For me, it was always the third album; the album that never really had a name, that didn’t come out till the band was long gone, Third or Femme Fatale, which most people ended up calling Sister Lovers. That record never, ever gets old. There are oceans in it. The songs are finely constructed to make you think that they are falling apart. I don’t know if the rumours about Chilton at the time are true; if he was drinking or on heroin or shooting horse tranquillizers into his eyeball. Sometimes, it sounds like all three at once.

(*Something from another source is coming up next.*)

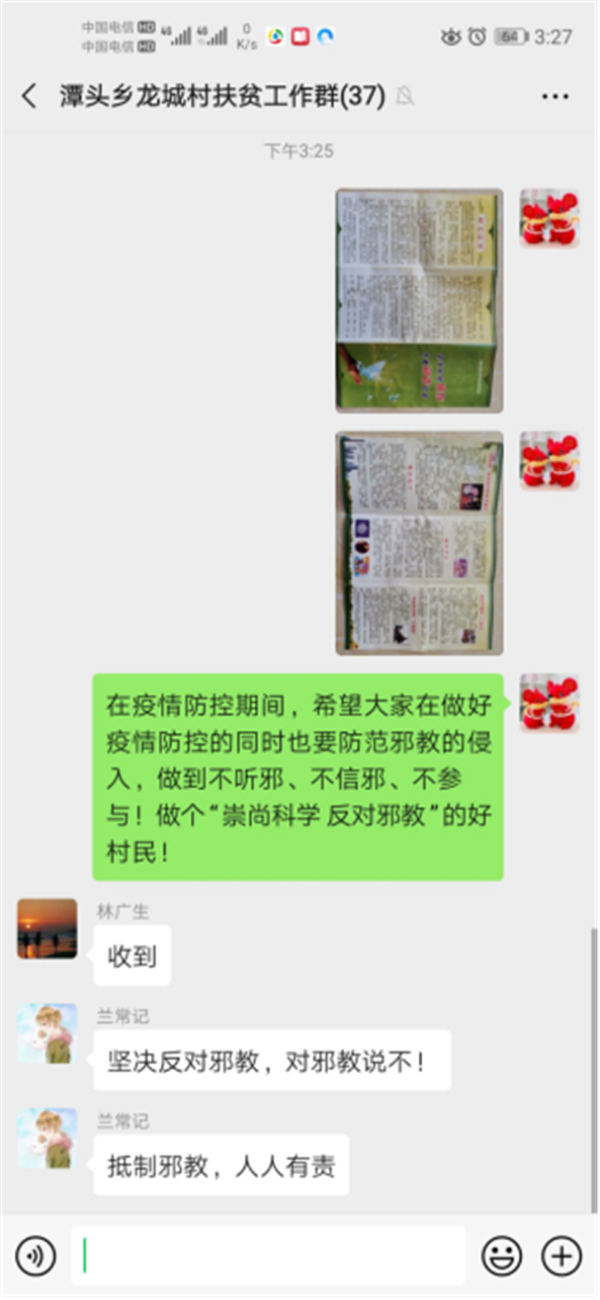 四是通过县委宣传部、县委政法委微信公众号向全县单位干部、职工、群众宣传,疫情防控与反邪教宣传同步进行,严防邪教组织利用疫情散播歪理邪说。

I just know that the songs on Sister Lovers fall apart and come back together and all but disintegrate but don’t. You get vertigo from songs like ‘Holocaust’ and ‘Nightime’ and ‘Kanga Roo’, like you are with Chilton teetering on the edge of the world. And Chilton conducted it like a maestro. As Chris Roberts wrote about the Dexys’ ‘This is What She’s Like’, Sister Lovers is the kind of music that you make when you have done perfect pop as well as it can be done and you are moving on to a purer form of expression. It’s Picasso pop.

Sister Lovers is really tough in parts. It’s harrowing, and you know you are in trouble if you’re relating too closely to about half of the songs (‘Big Black Car’ – ‘Sunny day, highway / If it rains it’s all the same / I can’t feel a thing / I can’t feel a thing… Nothing can hurt me / Nothing can touch me / Why should I care?”).

But what rarely gets mentioned in discussions of Sister Lovers is that Chilton saved for this album his most simple and pure expressions of uncomplicated love; the kind of emotions we live to feel. ‘Blue Moon’ is the one that is on repeat play in my mind. “Morning comes and sleeping’s done / Birds sing outside / If demons come while you’re under / I’ll be a blue moon in the sky / Let me be your one light / And if you’d like a true heart / Take the time to show you’re mine / And I’ll be a blue moon in the dark”.

Songs like ‘Blue Moon’, ‘I’m in Love With a Girl’, ‘The Ballad of El Goodo’ and ‘Take Care’ remind us how to live, which is as good a reason as any why Big Star are so important to us and why we are so very, very sad today. Alex Chilton is dead and that is a damn hard four words to write, but these songs are here forever.